Google AdSense top placement reserved here
Quick Answer: DAgostino Pearson Test Result
A DAgostino Pearson Test was conducted to evaluate whether G3 final grades follow a normal distribution. The verified result was K2 = 114.2048, with p = 1.587642e-25. The skewness was -0.9108 and the excess kurtosis was 2.6821. Since p < 0.05, the analysis rejects normality for G3 final grades.
DAgostino Pearson Test Overview
The test checks normality by looking at two important features of a distribution: skewness and kurtosis. Skewness tells whether a distribution leans left or right.
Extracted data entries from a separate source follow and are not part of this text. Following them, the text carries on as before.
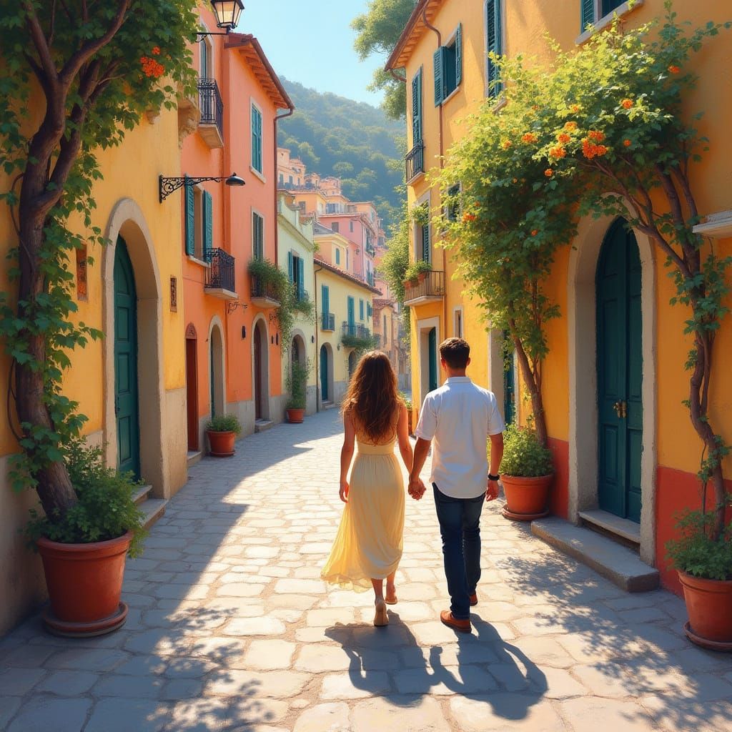 This image shows a couple walking hand-in-hand on a cobblestone street in Amalfi, Italy. The golden light illuminates the colorful Mediterranean buildings in an impressionistic style.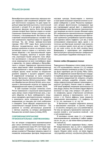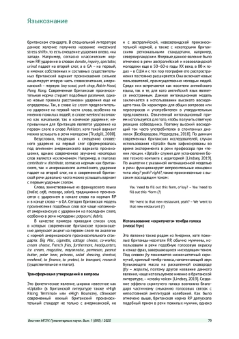 9. Безбородова М. В., Медведева Т. В. Явление “uptalk” в речи молодых носителей британского варианта английского языка // Вестник Московского государственного лингвистического университета. Гуманитарные науки. 2018. Вып. 10 (803). С. 21-35. EDN: PEMIBM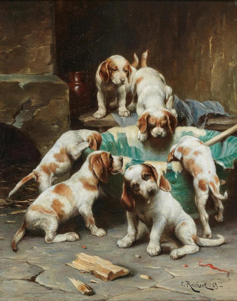 Art print of Beagle puppies enjoying a treat - Carl Reichert – Captivating introduction In the vibrant world of animal art, the work "Beagle puppies enjoying a treat" by Carl Reichert stands out for its irresistible charm and striking realism. This painting, which captures the innocence and joy of puppies, invites the viewer to immerse themselves in a moment of tenderness and lightheartedness. The animals, often symbols of loyalty and affection, are depicted here in a daily scene that evokes the bond between humans and their best friends. The soft light bathing the canvas enhances the warmth of this interaction, making this piece a true homage to nature and domestic life. Style and uniqueness of the work Carl Reichert, master of detail and movement, manages to infuse an incredible life into his subjects. In "Beagle puppies enjoying a treat," every hair of the animals is meticulously painted, revealing an almost tangible texture. The composition is carefully balanced, with the puppies intertwining in a dance of curiosity and play, while the colors, both vivid and harmonious, reinforce the joyful atmosphere of the scene. This realism, characteristic of Reichert's style, goes far beyond simple representation: it evokes emotion, childhood memories, a nostalgia for simple yet precious moments. The way he captures the instant, with particular attention to the expressions of the puppies, testifies to his exceptional talent as an artist. The artist and his influence Carl Reichert, born in 1836 in Vienna, established himself as one of the most appreciated animal painters of his time. His classical training and interest in nature shaped his unique style, combining technical precision with artistic sensitivity. Influenced by the great masters of animal art, he developed a personal approach that allowed him to stand out. His works, often imbued with melancholy and tenderness, reflect a deep understanding of animal psychology. Reichert also contributed to popularizing the portrait of domestic animals, paying tribute to their place in the hearts of families. His legacy endures in

Kurtosis tells whether the distribution has unusually heavy tails or a sharper/flatter shape compared with a normal distribution.
The method transforms skewness and kurtosis into two approximately standard normal z-scores. These two z-scores are then squared and added to create the K2 statistic. Under the null hypothesis of normality, K2 is compared with a chi-square distribution with 2 degrees of freedom.
In this example, the very small p-value means the G3 distribution is not normally shaped. The negative skewness and positive excess kurtosis show that the departure is caused by both asymmetry and heavy-tail/peakedness behavior.
What Is the DAgostino Pearson Test?
The D’Agostino-Pearson omnibus normality test is a formal statistical test for checking whether a sample is consistent with a normal distribution. It is called “omnibus” because it does not check only one feature. It combines skewness and kurtosis into a single overall test statistic.
In simple language: the method asks whether the distribution is too asymmetric, too heavy-tailed, too sharply peaked, or too flat to be treated as normal.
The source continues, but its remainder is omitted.